We’ll encapsulate the complexity of our model into a class that extends from torch.nn.Module:

1class CoronaVirusPredictor(nn.Module):
2
3 def __init__(self, n_features, n_hidden, seq_len, n_layers=2):
4 super(CoronaVirusPredictor, self).__init__()
5
6 self.n_hidden = n_hidden
7 self.seq_len = seq_len
8 self.n_layers = n_layers
9
10 self.lstm = nn.LSTM(
11 input_size=n_features,
12 hidden_size=n_hidden,
13 num_layers=n_layers,
14 dropout=0.5
15 )
16
17 self.linear = nn.Linear(in_features=n_hidden, out_features=1)
18
19 def reset_hidden_state(self):
20 self.hidden = (
21 torch.zeros(self.n_layers, self.seq_len, self.n_hidden),
22 torch.zeros(self.n_layers, self.seq_len, self.n_hidden)
23 )
24
25 def forward(self, sequences):
26 lstm_out, self.hidden = self.lstm(
27 sequences.view(len(sequences), self.seq_len, -1),
28 self.hidden
29 )
30 last_time_step = \
31 lstm_out.view(self.seq_len, len(sequences), self.n_hidden)[-1]
32 y_pred = self.linear(last_time_step)
33 return y_pred

Our CoronaVirusPredictor contains 3 methods:

  • constructor - initialize all helper data and create the layers
  • reset_hidden_state - we’ll use a stateless LSTM, so we need to reset the state after each example
  • forward - get the sequences, pass all of them through the LSTM layer, at once.

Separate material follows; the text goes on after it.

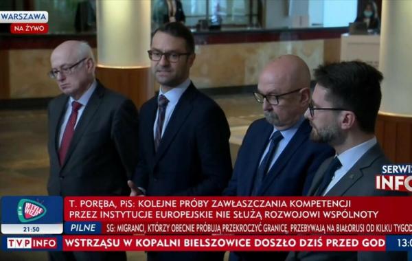 W trakcie przerwy w obradach konferencję prasową zorganizowali europosłowie PiS – prof. Zdzisław Krasnodębski, prof. Ryszard Legutko oraz Tomasz Poręba – oraz wicerzecznik PiS Radosław Fogiel.
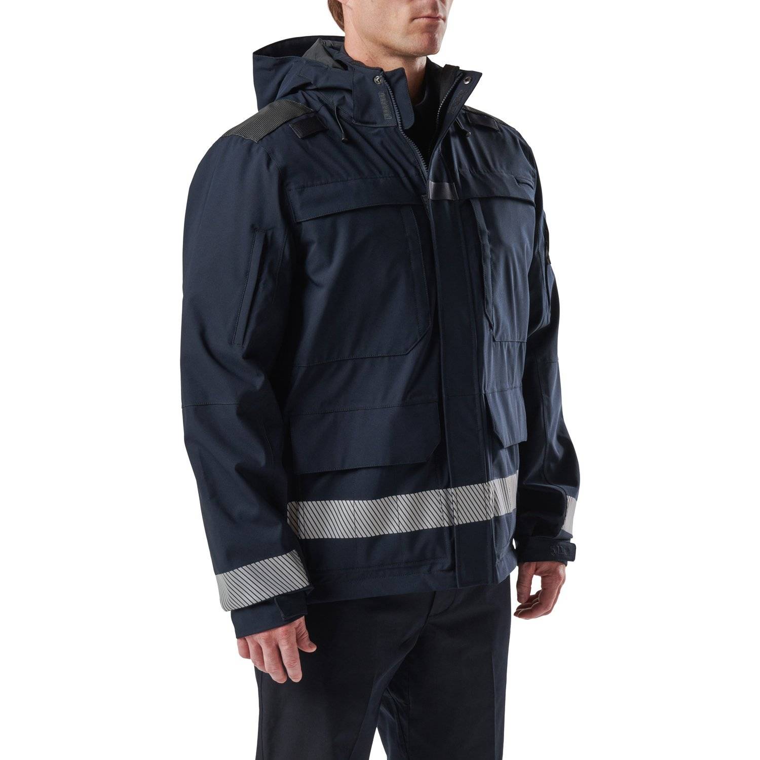 Stay warm with the fully seam-sealed, waterproof 5.11 Responder Parka 2.0. This tactical jacket has a 10K/10K waterproof/breathable and bloodborne pathogen resistant rating packed into a 2L hardshell fabric. There are many pockets at the chest and sleeves to keep your gear within reach, plus mic/camera loops, loop platforms, and a storable hood for convenience. For extra safety, this waterproof jacket has 3M® Scotchlite® reflective tape on the bottom, around the sleeves, and at the back for greater visibility to others. Additionally, this reflective jacket features 5.11’s Quixip technology on the side seams for quick firearm access and ventilation.

We take the output of the last time step and pass it through our linear layer to get the prediction.

Training

Let’s build a helper function for the training of our model (we’ll reuse it later):

1def train_model(
2 model,
3 train_data,
4 train_labels,
5 test_data=None,
6 test_labels=None
7):
8 loss_fn = torch.nn.MSELoss(reduction='sum')
9
10 optimiser = torch.optim.Adam(model.parameters(), lr=1e-3)
11 num_epochs = 60
12
13 train_hist = np.zeros(num_epochs)
14 test_hist = np.zeros(num_epochs)
15
16 for t in range(num_epochs):
17 model.reset_hidden_state()
18
19 y_pred = model(X_train)
20
21 loss = loss_fn(y_pred.float(), y_train)
22
23 if test_data is not None:
24 with torch.no_grad():
25 y_test_pred = model(X_test)
26 test_loss = loss_fn(y_test_pred.float(), y_test)
27 test_hist[t] = test_loss.item()
28
29 if t % 10 == 0:
30 print(f'Epoch {t} train loss: {loss.item()} test loss: {test_loss.item()}')
31 elif t % 10 == 0:
32 print(f'Epoch {t} train loss: {loss.item()}')
33
34 train_hist[t] = loss.item()
35
36 optimiser.zero_grad()
37
38 loss.backward()
39
40 optimiser.step()
41
42 return model.eval(), train_hist, test_hist

Note that the hidden state is reset at the start of each epoch. We don’t use batches of data our model sees every example at once. We’ll use mean squared error to measure our training and test error. We’ll record both.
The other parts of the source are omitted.